* RECORDS FOR PROCESSING:
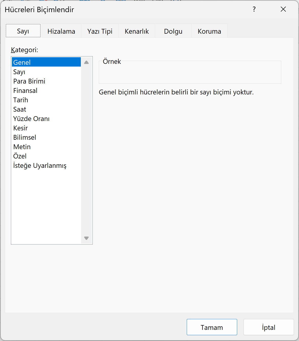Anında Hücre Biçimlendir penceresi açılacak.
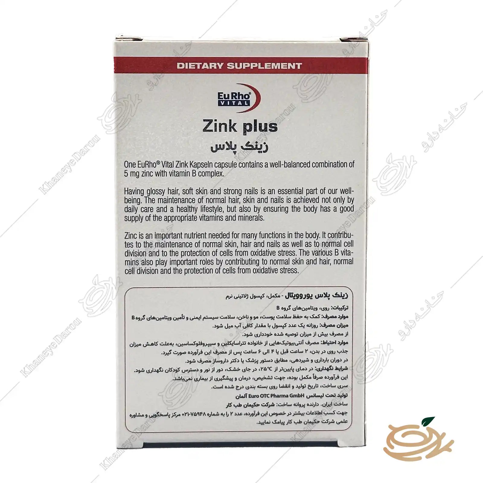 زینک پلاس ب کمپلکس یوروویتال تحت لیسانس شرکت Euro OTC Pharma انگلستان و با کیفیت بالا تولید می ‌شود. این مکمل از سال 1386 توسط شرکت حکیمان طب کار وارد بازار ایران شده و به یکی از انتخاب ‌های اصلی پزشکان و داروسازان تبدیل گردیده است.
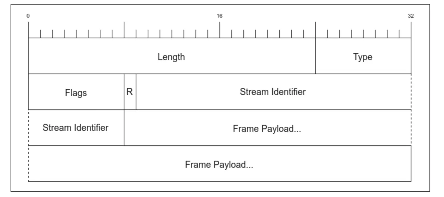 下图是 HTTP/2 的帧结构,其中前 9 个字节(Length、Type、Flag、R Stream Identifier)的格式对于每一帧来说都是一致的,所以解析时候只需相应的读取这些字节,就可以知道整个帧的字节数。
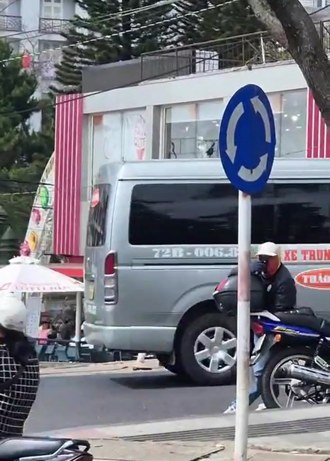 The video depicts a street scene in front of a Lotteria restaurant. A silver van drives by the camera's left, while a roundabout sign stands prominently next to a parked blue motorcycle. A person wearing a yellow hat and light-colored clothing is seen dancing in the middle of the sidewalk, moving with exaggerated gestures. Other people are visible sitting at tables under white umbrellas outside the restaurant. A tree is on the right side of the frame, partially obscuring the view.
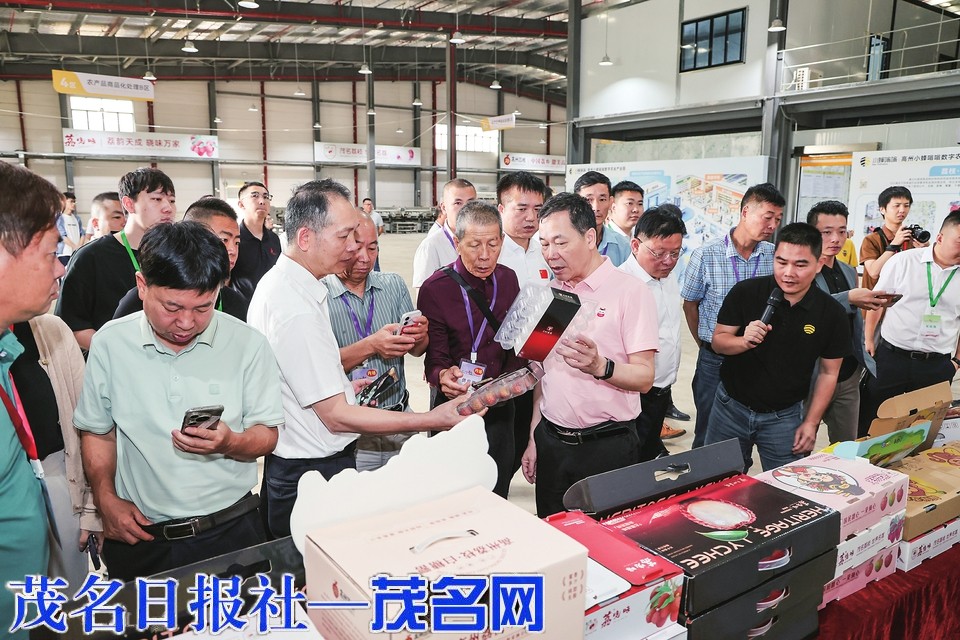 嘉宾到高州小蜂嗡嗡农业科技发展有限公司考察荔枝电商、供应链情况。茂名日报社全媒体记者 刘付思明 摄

* WHAT THE TASK REQUIRES: Repeat the listing above exactly from its first line to the line containing "下图是 HTTP/2 的帧结构,其中前", both included, and omit the pictures.

* RESPONSE AREA:
Anında Hücre Biçimlendir penceresi açılacak.
 زینک پلاس ب کمپلکس یوروویتال تحت لیسانس شرکت Euro OTC Pharma انگلستان و با کیفیت بالا تولید می ‌شود. این مکمل از سال 1386 توسط شرکت حکیمان طب کار وارد بازار ایران شده و به یکی از انتخاب ‌های اصلی پزشکان و داروسازان تبدیل گردیده است.
 下图是 HTTP/2 的帧结构,其中前 9 个字节(Length、Type、Flag、R Stream Identifier)的格式对于每一帧来说都是一致的,所以解析时候只需相应的读取这些字节,就可以知道整个帧的字节数。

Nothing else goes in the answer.